The paper adds that NHS patients in England will also be able to choose to register with a doctor near to their workplace or their children's school to make services more convenient, in a plan to be tested in ‘two or three cities' next year.

Most papers, not least the Daily Mail, are incredulous that trade union leaders are to press ahead with plans for a national strike, involving up to three million public sector workers, after the TUC gave a lukewarm response to a series of concessions on pensions reforms from the Government. The offer, announced in the Commons, is an 8% improvement on the original deal with no loss of current benefits for those within 10 years of retirement.

Meanwhile, in the Lords, the Guardian reports that ministers ‘paused' a key part of the Government's NHS bill to stave off an embarrassing rebellion from key Liberal Democrats – a move that ensures peers will now debate the controversial legislation until Christmas.

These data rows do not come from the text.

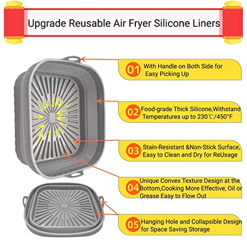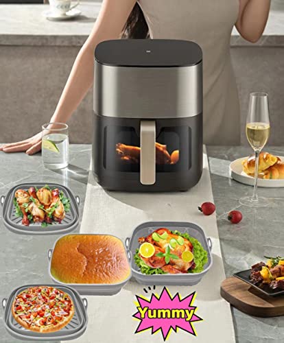 Esbyyewi Collapsible Air Fryer Silicone Liner Reusable 8 Inch Square Foldable Air Fryer Silicone Pot Liner Replacement of Parchment Paper Liner N
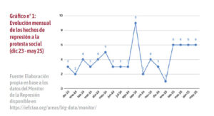 Los datos más contundentes del informe corresponden al capítulo sobre represión estatal. Entre el 10 de diciembre de 2023 y el 31 de mayo de 2025 se contabilizaron al menos 73 protestas reprimidas.
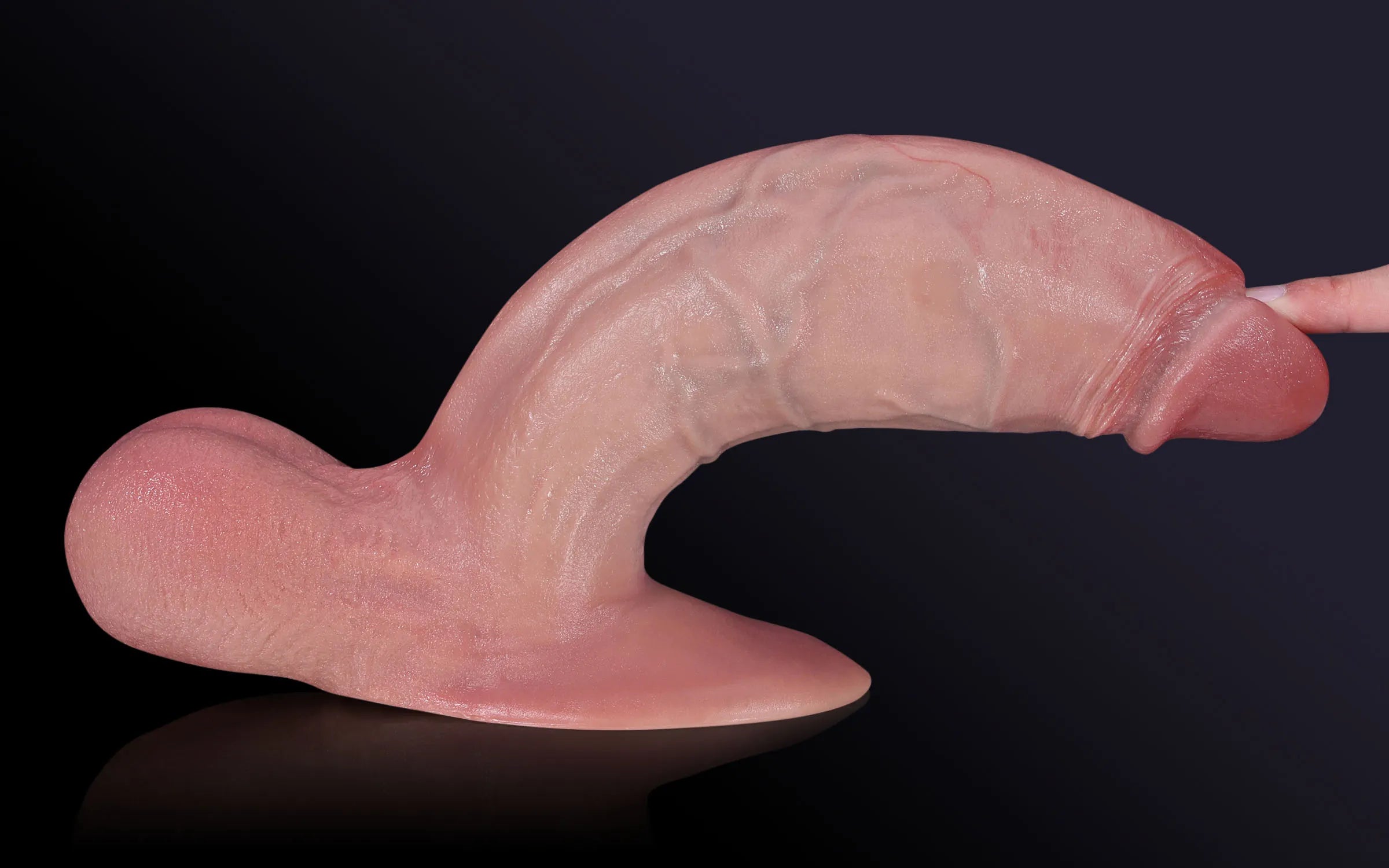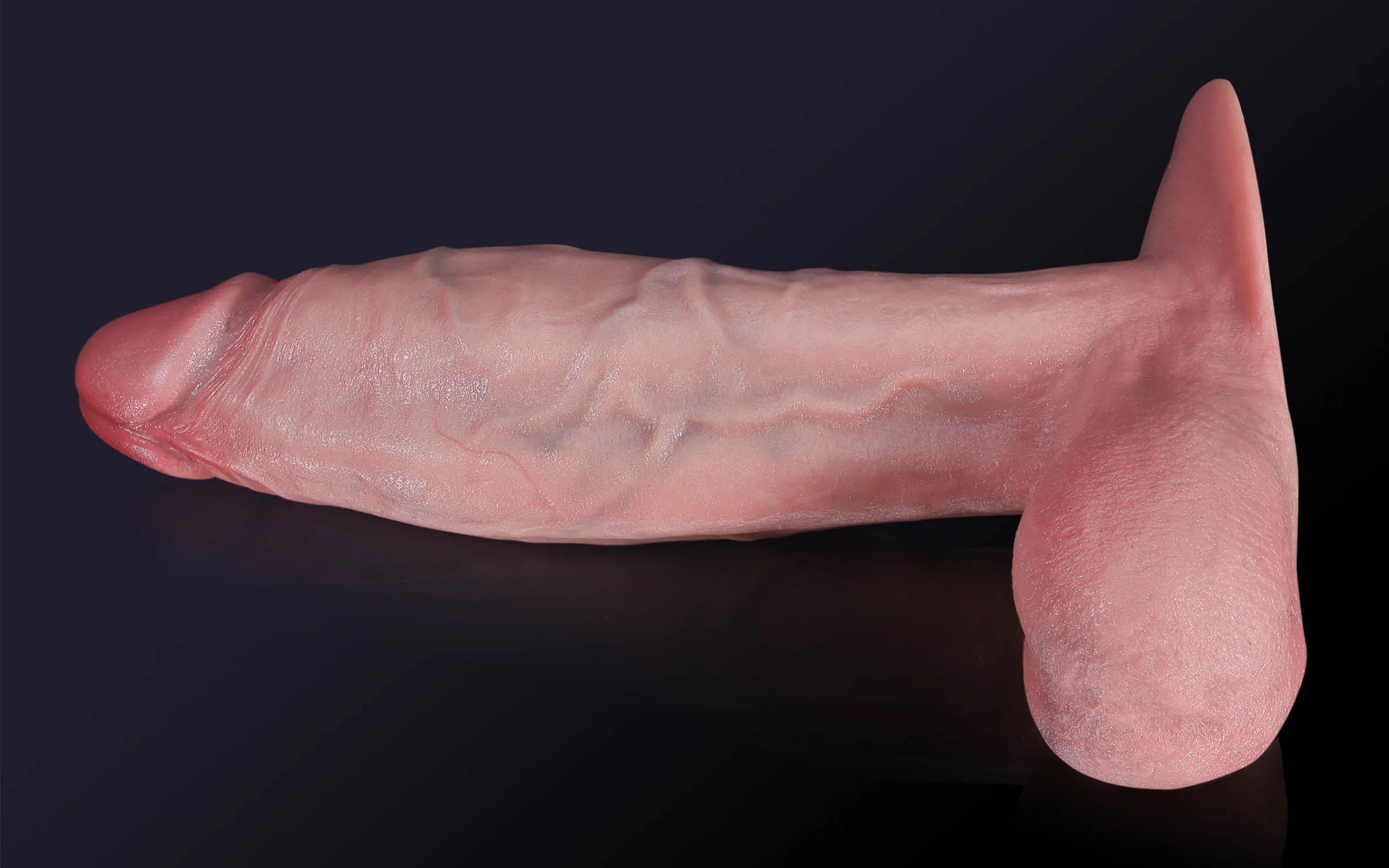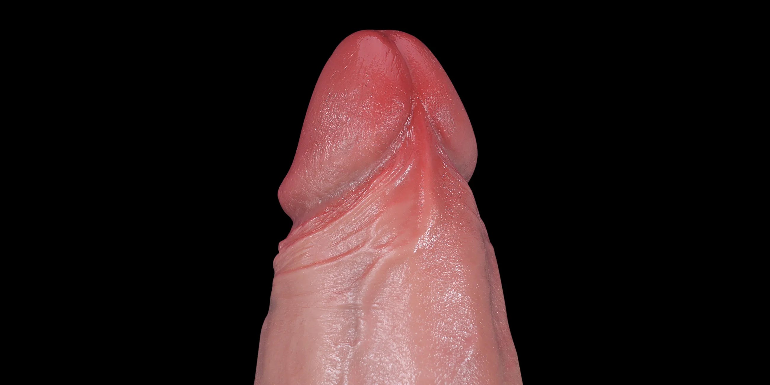Die Eichel ist natürlich geschwollen und in einem zarten, blassen Ton gehalten, um eine anatomische Realitätsnähe zu gewährleisten.

At the heart of the debate is the Government's plan to hand over its ‘constitutional responsibility' to provide NHS services to a quango. But a number of Lib Dem peers, led by Lady Williams, insist health secretary should be responsible for the provision of health services.

The Guardian also documents how the King's Fund wants another part of the bill amended in the Lords. According to the think-tank Monitor's expanded role risks ‘confusion.'

The Telegraph reports that ‘dosing up' heart disease patients with nitroglycerin, routinely used to widen blood vessels, could end up damaging the organ. Researchers from Stanford University found that rats dosed with it for 16 hours sustained twice the muscle damage when they had heart attacks, compared to those spared nitroglycerin.

Meanwhile the Guardian says about 1,500 lung cancer patients die unnecessarily every year because they are not offered an operation and too few NHS surgeons are skilled in removing tumours, a report warns today.

Most hospitals offer surgery to far fewer patients than the 30% of people with the disease who doctors believe would benefit from treatment, according to an audit of 400,000 lung cancer operations since 1980 by the Society for Cardiothoracic Surgery .

And finally in research reported in the Telegraph claims poor diets in the devolved celtic nations are claiming thousands of British lives a year.

The study, undertaken by academics at Oxford University, estimates that 3,700 deaths from heart disease, strokes and cancer, could be prevented annually if everyone in the UK ate as healthily as the English.